UnifiedLogger
Structured JSON logging for Ruby Rack and Rails applications. One log line per request. One log line per job. All the context, none of the noise.
The Problem
Rails default logging is noisy and unstructured:
- A single HTTP request produces multiple log lines spread across the output — started, parameters, rendered, completed — making it painful to correlate in log aggregators like Datadog, Elasticsearch, or CloudWatch.
- Background job logging is bare-bones — no structured metadata about class name, queue, arguments, retry count, duration, or failure status. You're left with Rails' generic "Performed job" line and nothing useful to search or alert on.
- In-app
Rails.loggercalls (e.g.,Rails.logger.info("Payment processed")) are written as standalone lines that float away from the request or job that triggered them. - Sensitive data (passwords, tokens, cookies) can leak into logs unless you manually configure filtering everywhere.
- Multi-threaded servers like Puma interleave log lines from concurrent requests, making debugging nearly impossible.
- Error backtraces are noisy and disconnected — when something breaks, Rails dumps a multi-line backtrace full of framework noise, scattered across the log output with no link to the request that caused it.
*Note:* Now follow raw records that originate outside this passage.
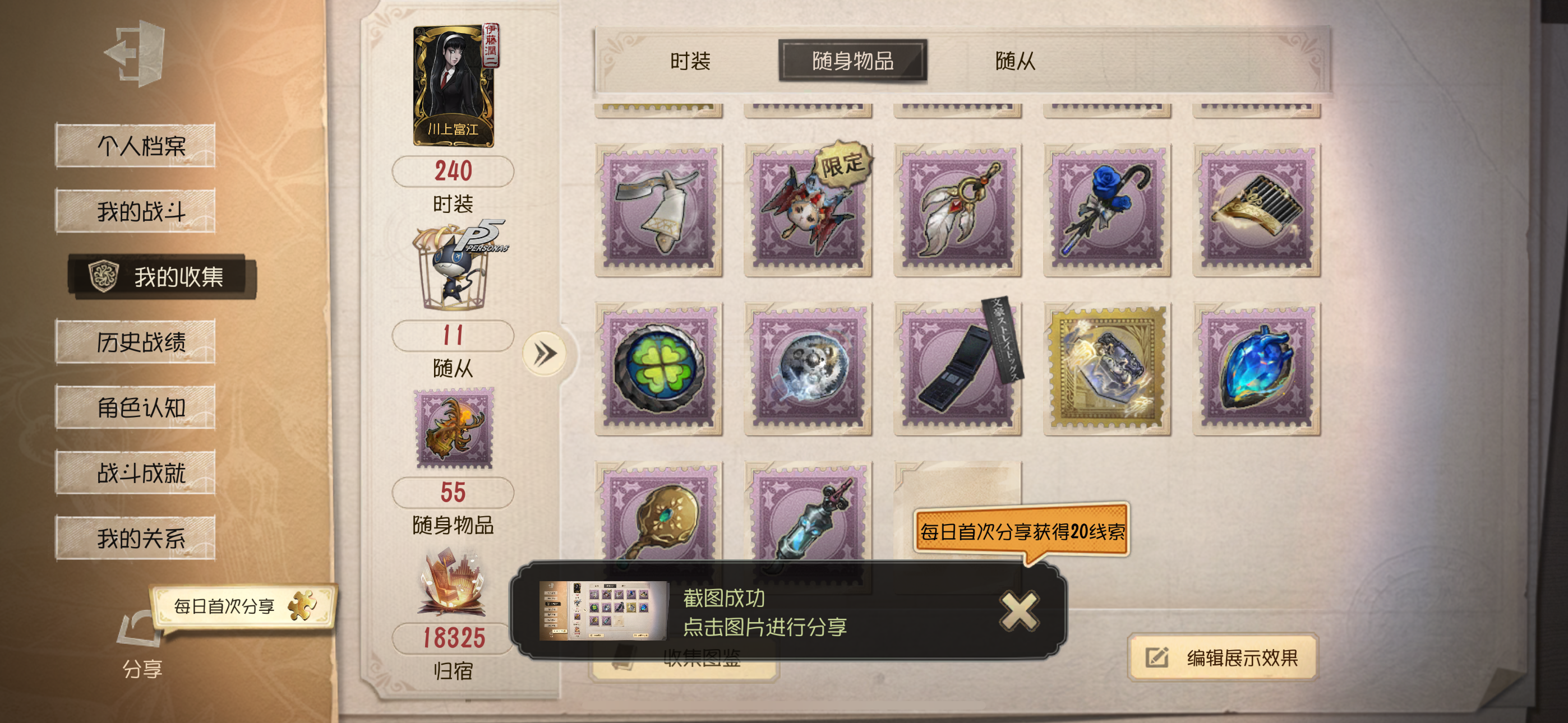 随身物品: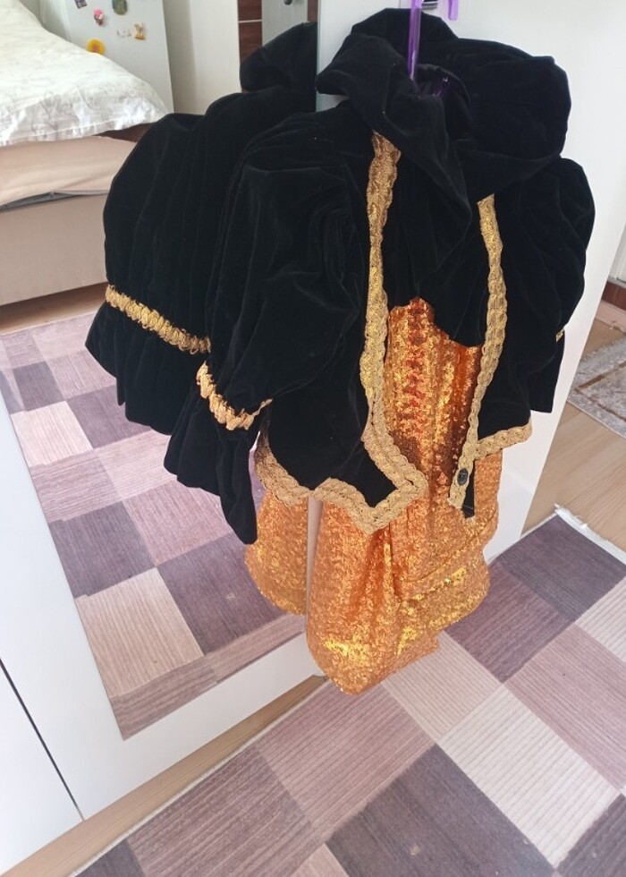 Arnavutlarin vazgeçilmez miltan yeleği ve altına da pul payetli balık model uzun sarı egeti. Siyah ve gold severler için harika bir üründür. Hiç giyilmedi. 2 parçadır. Yelek ve etek. 44 bedene kadar uyumludur.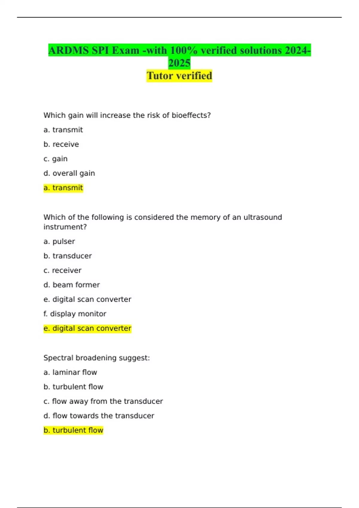 ARDMS SPI Exam -with 100% verified solutions

You typically need a dedicated error tracking service like Sentry or Airbrake just to make sense of failures.
The Solution
UnifiedLogger replaces this chaos with a single, structured JSON line per event:
- One line per request — path, method, headers, params, body, response status, response body, duration, thread/process IDs, and any exceptions, all in one JSON object.
-
One line per job — class name, queue, arguments, retry count, duration, status (
:ok,:warn,:error), and any exceptions. -
In-app logs are captured — every
Rails.logger.info(...)call during a request or job is collected in a thread-safe buffer and included in that event's log line under thelogskey. -
Sensitive data is filtered out of the box — passwords, tokens, secrets, cookies, and more are replaced with
[FILTERED]. - Exceptions with cleaned backtraces — when a request or job raises, the exception details (class, message, and a cleaned backtrace with framework noise stripped out) are captured and included in the log entry. It's done without disturbing the exception or changing how it's handled.
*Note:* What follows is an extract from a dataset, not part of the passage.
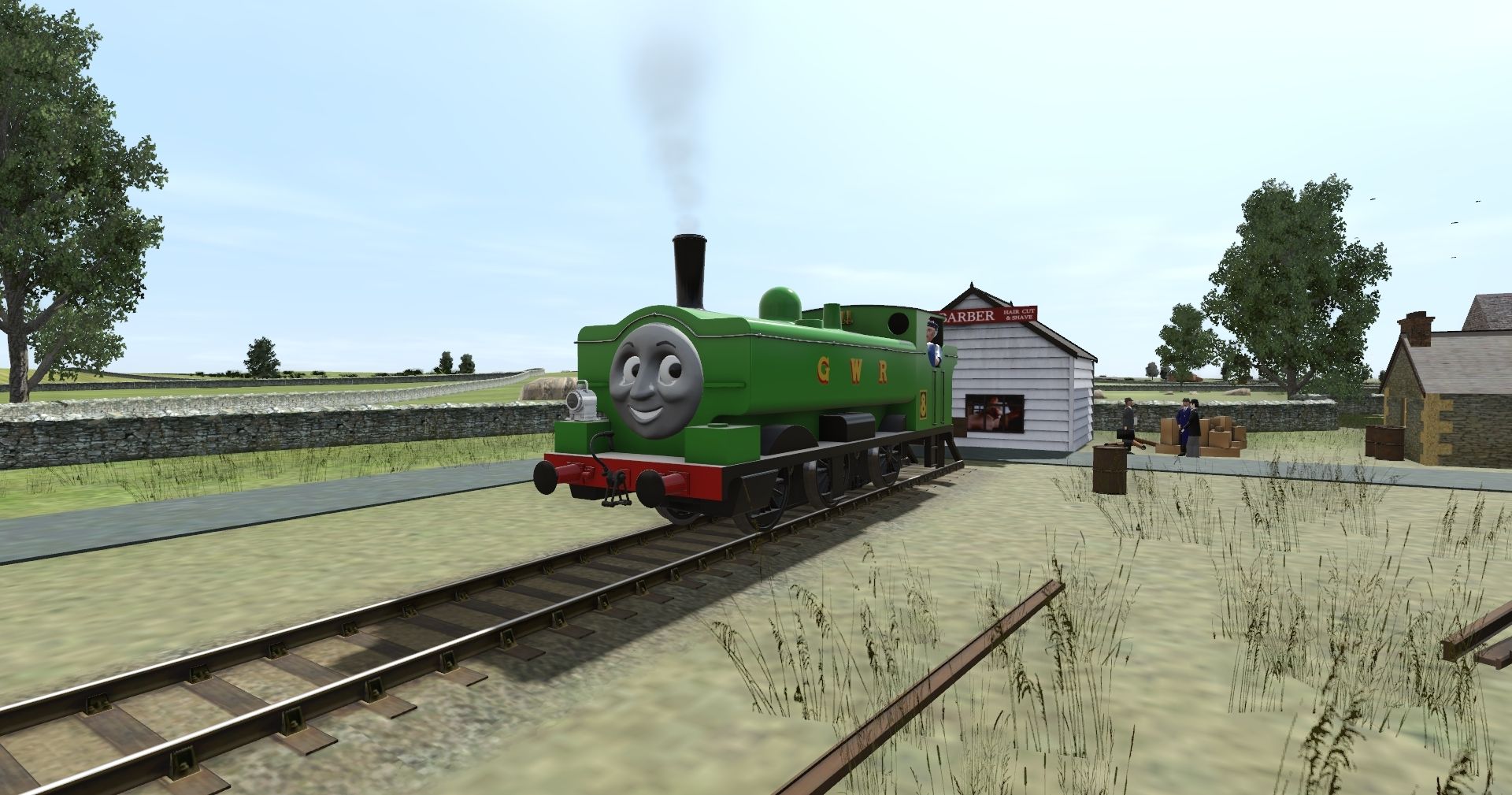 Tags: Trainz Railroad Simulator 2019, Island of Sodor, Default, TTTE - Duck the Great Western Engine (Sodor Workshops Modified), Flying Cam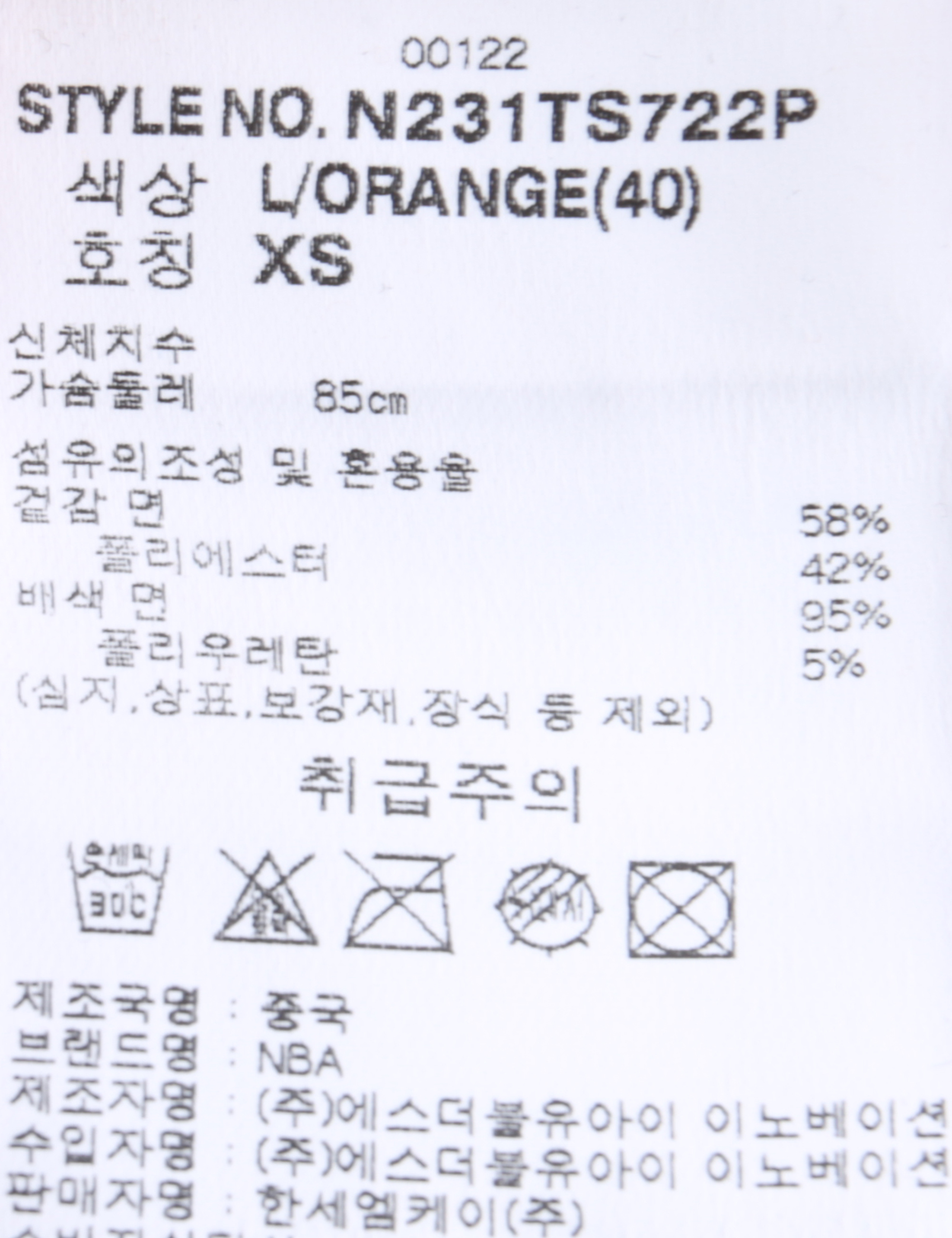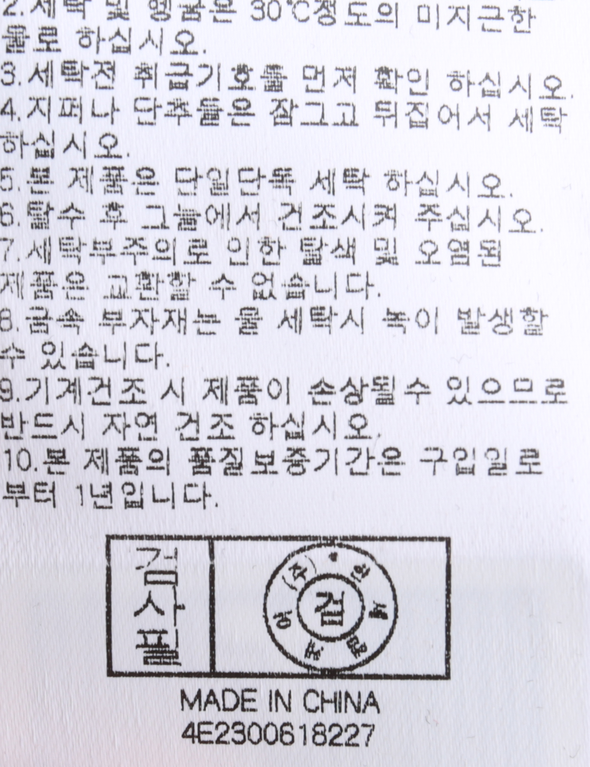 | 세탁방법 및 취급시 주의사항 | 본 제품은 손세탁 하십시오.(케어라벨참고) |

- Log transform hooks let you add tenant IDs, Datadog correlation, deploy versions, or anything else to every log line.
Quick Start
Add to your Gemfile:
gem "unified_logger"bundle installSet your Rails logger:
# config/environments/production.rb (and/or any other environment)
config.logger = UnifiedLogger::Logger.new($stdout)
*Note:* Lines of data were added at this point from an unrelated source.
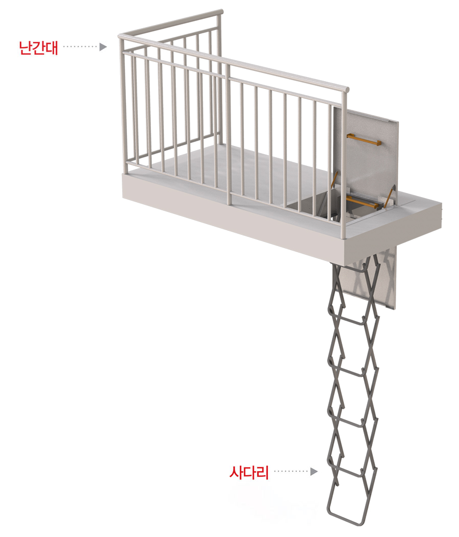 아파트 외벽에 설치하는 탈출형 대피시설로 탑재된 내림사다리를 통해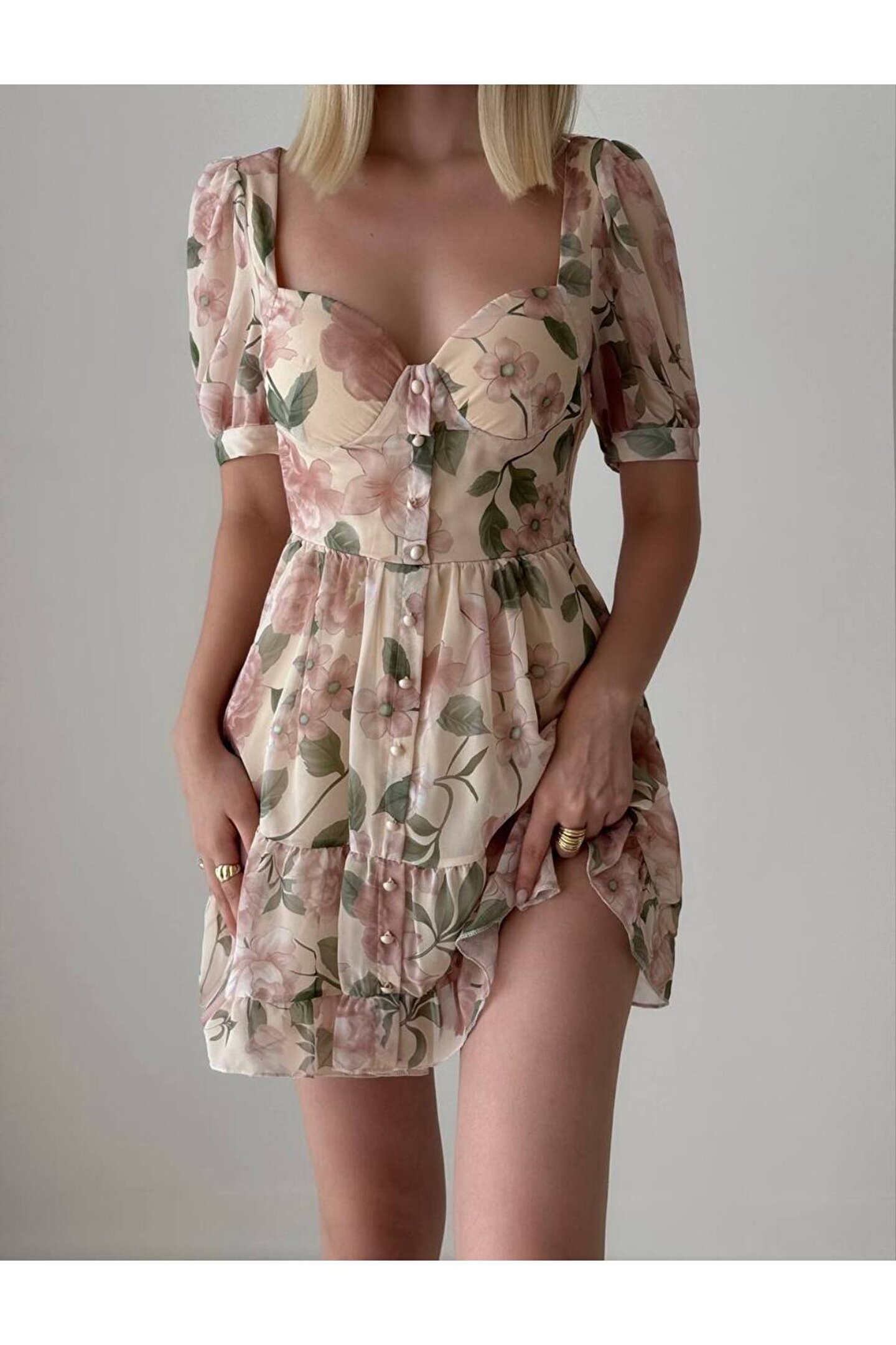 - Hafif ve zarif şifon kumaşı ile yaz aylarının vazgeçilmezi, mini boy elbise; - Belinizi saran bele oturan kalıbı sayesinde şık ve feminen bir siluet sunar; - Kısa kollu tasarımı ile rahat hareket etme özgürlüğü sağlar ve sıcak havalarda serinlik hissi verir; - Düğme detayları ile modern ve şık bir görünüm kazandırırken, genç yaş grubuna hitap eden dinamik bir stil oluşturur; - Şifon materyali sayesinde hafif ve nefes alabilen yapısıyla gün boyu konforlu bir kullanım sunar;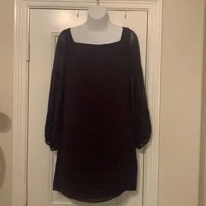 This stunning purple sheath dress features a flattering square neckline and long bishop sleeves that add a touch of elegance. Perfect for a night out, the dress is designed to fit closely at the bodice while flowing gracefully at the skirt.
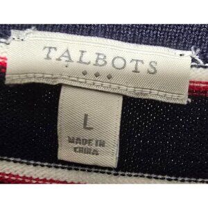 Talbots Cardigan L Button Up Parisian Stripes Je T'aime Embroidered Breathable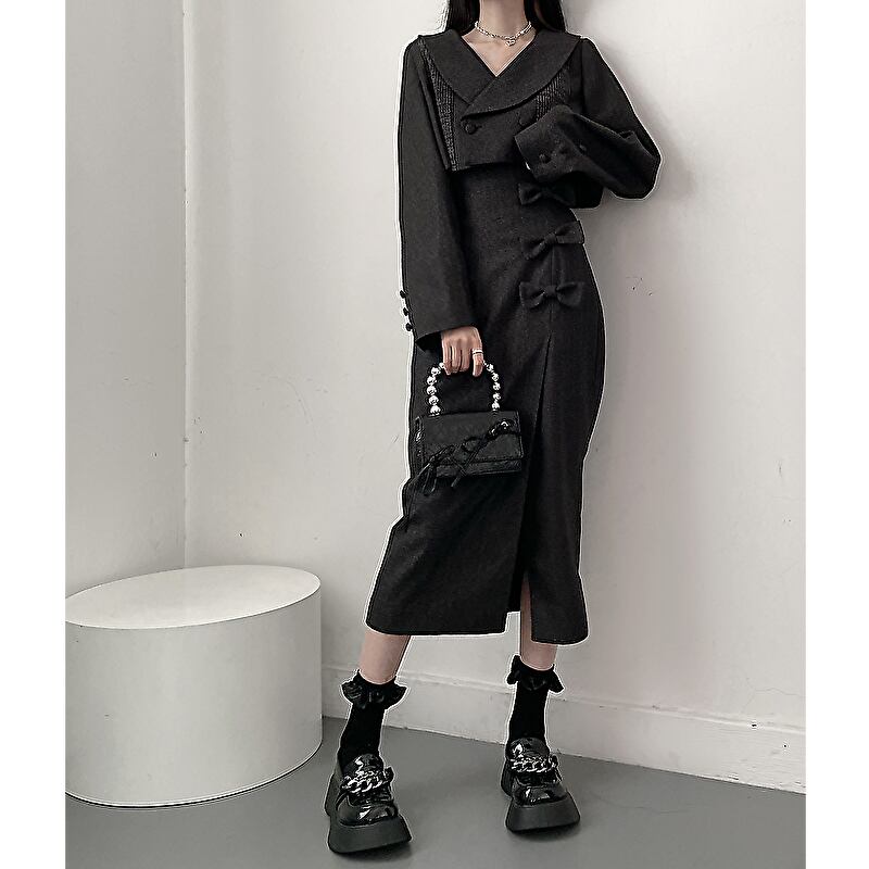 別売りのロングタイトスカートとコーデして細見えスタイルが格上げします

config.logger.level = :infoThat's it. The middleware auto-inserts itself, and every request now produces a single structured JSON log line.
Configuration
All configuration is optional. UnifiedLogger ships with sensible defaults.
# config/initializers/unified_logger.rb
UnifiedLogger.configure(
max_log_field_size: 2048, # truncate fields larger than this (default: 2048)
max_log_size: 10_000, # max log line size before splitting (default: 10_000)
filter_params: %i[passw secret token], # sensitive param patterns (default: see below)
auto_insert_middleware: true, # auto-insert Rack middleware in Rails (default: true)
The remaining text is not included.